In a similar vein, several neural network tools have been customized. Customer Insight Co. for instance, has built an interface to link its Analytix marketing software with HNC Software’s neural network-based Database Mining Workstation, creating a marketing DM hybrid. HNC Software’s Falcon detects credit-card fraud; according to HNC, the program is watching millions of charge accounts.

Invasion of the Data Snatchers

The need for DM tools is growing as fast as data stores swell. More-sophisticated DM products are beginning to appear that perform bottom-up as well as top-down mining. The day is probably not too far off when intelligent agent technology will be harnessed for the mining of vast public on-line sources, traversing the Internet, searching for information, and presenting it to the human user. Microelectronics and Computer Technology Corp. (MCC, Austin, TX) has been pioneering work in this area, developing a platform, called Carnot, for its consortium members. Carnot-based agents have been successfully applied to both top-down and bottom-up DM of distributed heterogeneous databases at Eastman Chemical.

Data mining is evolving from answering questions about what has happened and why it happened, observes Mark Ahrens, director of custom software sales at A.C. Nielsen. The next generation of DM is focusing on answering the question `How can I fix it?’ and making very specific recommendations. That’s our focus now — our Holy Grail. Meanwhile, the gold rush is on.

Data mining is the search for relationships and global patterns that exist in large databases, but are `hidden’ among the vast amounts of data, such as a relationship between patient data and their medical diagnosis. These relationships represent valuable knowledge about the database and objects in the database and, if the database is a faithful mirror, of the real world registered by the database. One of the main problems for data mining is that the number of possible relationships is very large, thus prohibiting the search for the correct ones by simple validating each of them. Hence, we need intelligent search strategies, as taken from the area of machine learning. Another important problem is that information in data objects is often corrupted or missing.
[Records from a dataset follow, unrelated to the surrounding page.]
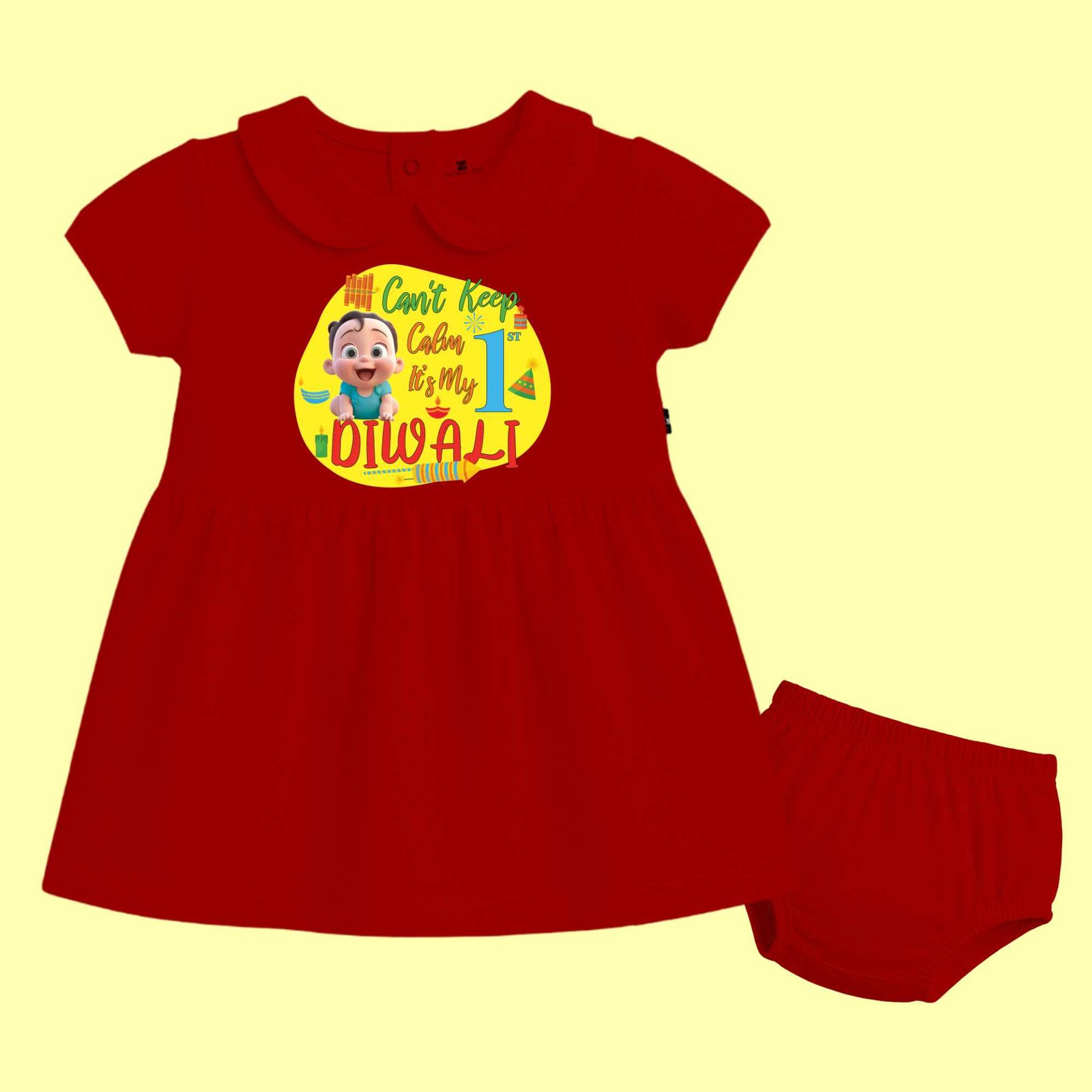 The Peppy Tend 100% Cotton Knit Half Sleeves Can’t Keep Calm It’s My 1st Diwali Printed Frock With Bloomers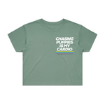 Chasing Puppies is my Cardio - Now Available on our Women's Crop Tee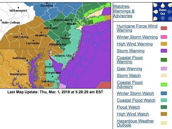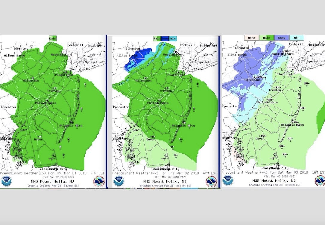 A "strong" nor'easter is on track to hit New Jersey beginning late Thursday afternoon, and is expected to produce a lot of rain – and 2 to 5 inches of snow in some areas – over a 36-hour period, according to the National Weather Service.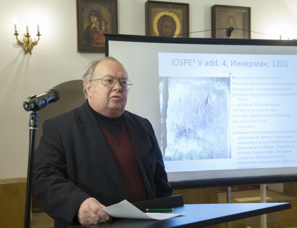 Утреннее заседание открылось докладом «Монастырь или келия? К вопросу о статусе пещерных обителей в Горном Крыму» А.Ю. Виноградова, кандидата исторических наук, доцента, старшего научного сотрудника Национального исследовательского университета «Высшая школа экономики». Задачей данного сообщения, по словам самого автора, было привлечение внимания к проблеме исследования комплексов древних пещерных сооружений, которых в Крыму насчитывается около тридцати. Одним из главных вопросов является определение их статуса: все ли они имеют монастырскую принадлежность, какой тип устроения монашеской жизни представляют и т.п. Ответы на эти вопросы порой приходится находить в экстремальной ситуации с применением альпинистских навыков: именно так был найден пещерный храм, расположенный в монашеской келии на Загайтанской скале (Инкерман), а под его фресками почти случайно открыта уникальная строительная надпись, позволившая узнать дату постройки (1303 г.), посвящение храма Николаю Чудотворцу и иные важные исторические сведения.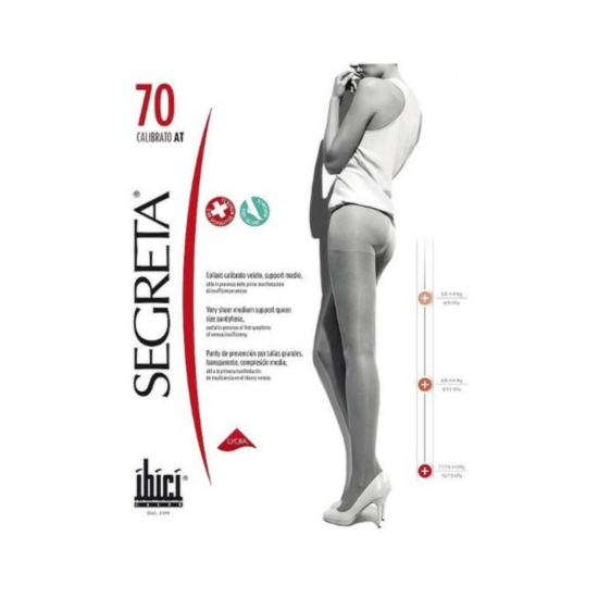 Стягащ и оформящ чорапогащник, който е специално разработен за жени с наднормено тегло, притежава средна компресия (от 11 до 14 mmHg) и облекчава умората. Медицински тестваната технология нежно стимулира кръвообращението и възпрепиятства появата на отоци и разширени вени. Същевременно осигурява на тялото продължителен микромасаж, който спомага за намаляване на опасността от кръвозадържане в глезените. Продуктът разполага с удобна двойна платка в задната част и "анатомична пета", която допринася за максимален комфорт по време на приложение. Страхотният чорапогащник от Segreta поддържа точната степен на компресия и гарантира ефективността си на терапевтично действие дори и след многократно изпиране.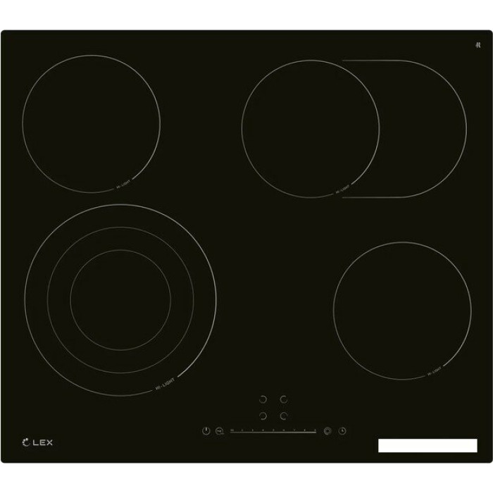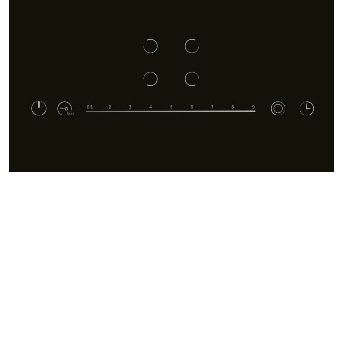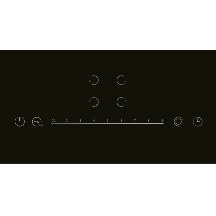 защитное отключение конфорок, индикатор остаточного тепла, кнопка блокировки панели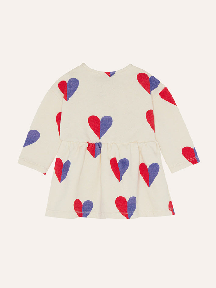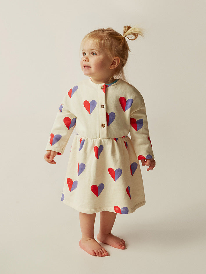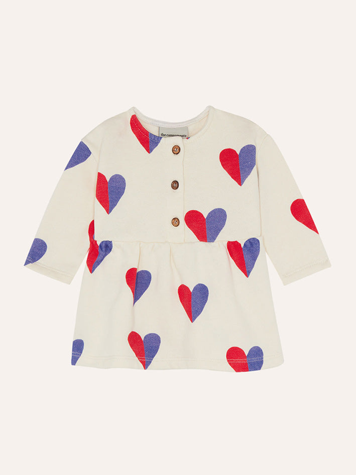 Bicolor Hearts decorate this Dress in Ecru from The Campamento made in fleece 100% cotton. The quality is brushed inside making it more comfy and soft. With a loose fit and open in the front is the perfect garment to complete a winter wardrobe.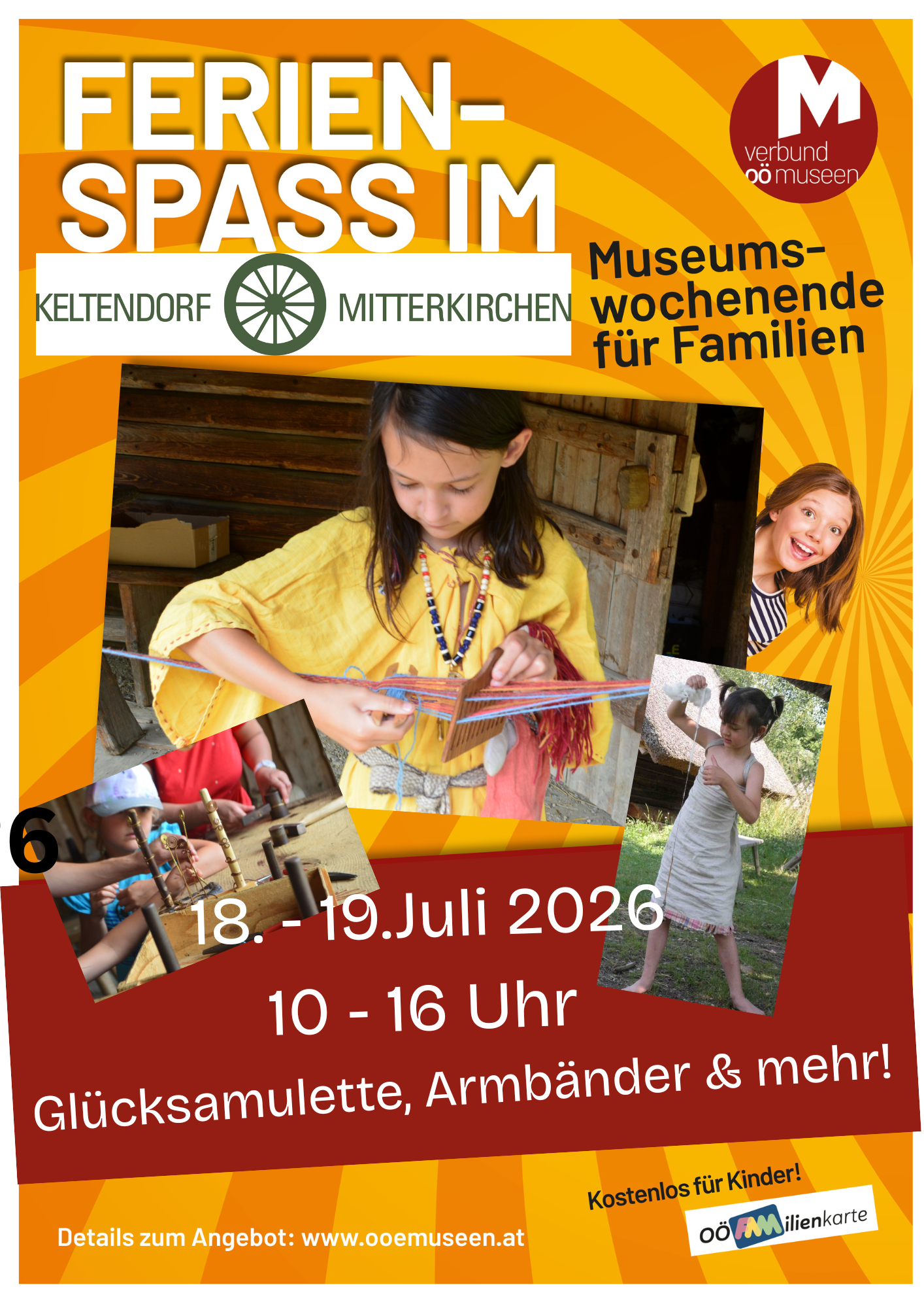 Am Ferienspaß-Wochenende lädt das Museum Kinder, Familien und alle Neugierigen zu einer spannenden Reise in die Welt von Schmuck und Mode ein. Gemeinsam entdecken wir, wie Menschen früher lebten, sich kleideten und schmückten.An beiden Tagen finden um 11 und 14 Uhr kostenlose Führungen statt, die kindgerecht und anschaulich durch das Thema führen. Bitte beachten: Der Museumseintritt ist zu bezahlen.Danach wird es kreativ: Kinder und Erwachsene können selbst aktiv werden, Glücksamulette herstellen, bunte Armbänder oder sogar einen eigenen Gürtel weben. Wer besonders viel Lust auf Ausprobieren hat, kann die Kette für einen Schmuckanhänger selbst aus Schafswolle spinnen – ein echtes Highlight für kleine und große Bastelfans! Materialkosten: freiwillige Spende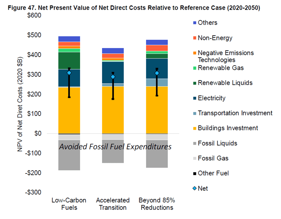 The total system expenditures are shown in Figure 48. The text notes that the reference case total is $2.7 trillion but that is the only quantified reference. I estimate that the mitigation scenarios are around $3 trillion making the costs relative to the reference case around $300 billion for the three mitigation scenarios. Also note that the values of the expenditure categories on the right are not listed so readers can only guess the values based on the size of the bars.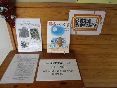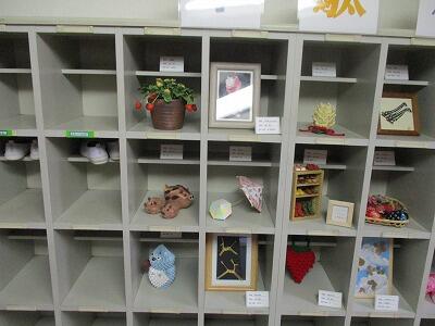 今年は、1年生の入学が2名だったので下駄箱がたくさん余ってしまいました。そこで、下駄箱を展示場にして展覧会を開こうと地域に募集したところ、たくさんの作品をご応募いただきました。ありがとうございました。下駄箱の規格サイズに合わせないといけないので出品が難しかったかもしれませんが、逆に可愛らしい展示になりました。子どもたちと見させていただきます。12月24日までの展示です。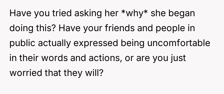 His actions stem from a desire to manage social perception and avoid alienating friends, which directly conflicts with his girlfriend's apparent desire to express herself through this specific mannerism.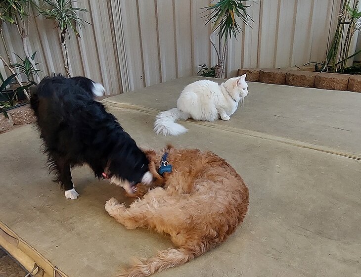 We have two dogs and one cat. The Cat is mid aged and deaf, one dog is 4 years old and a puppy one year old. The older, smaller dog has a habit of sleeping on the end of a bed, preferably one with a human in it. The three animals spend a lot of time indoors sleeping during the day and sleep inside always at night. The dogs enjoy a walk.

Hence, statistical techniques should be applied to estimate the reliability of the discovered relationships.

TOOLS AND TECHNIQUES

Data Visualization

Data visualization software is one of the most versatile tools for data mining exploration. It enables you to visually interpret complex patterns in multidimensional data. By viewing data summarized in multiple graphical forms and dimensions, you can uncover trends and spot outliers intuitively and immediately.

In the data mining process, visualization tools help you explore data before modeling—and verify the results of other data mining techniques. Visualization tools are particularly useful for detecting patterns found in only small areas of the overall data.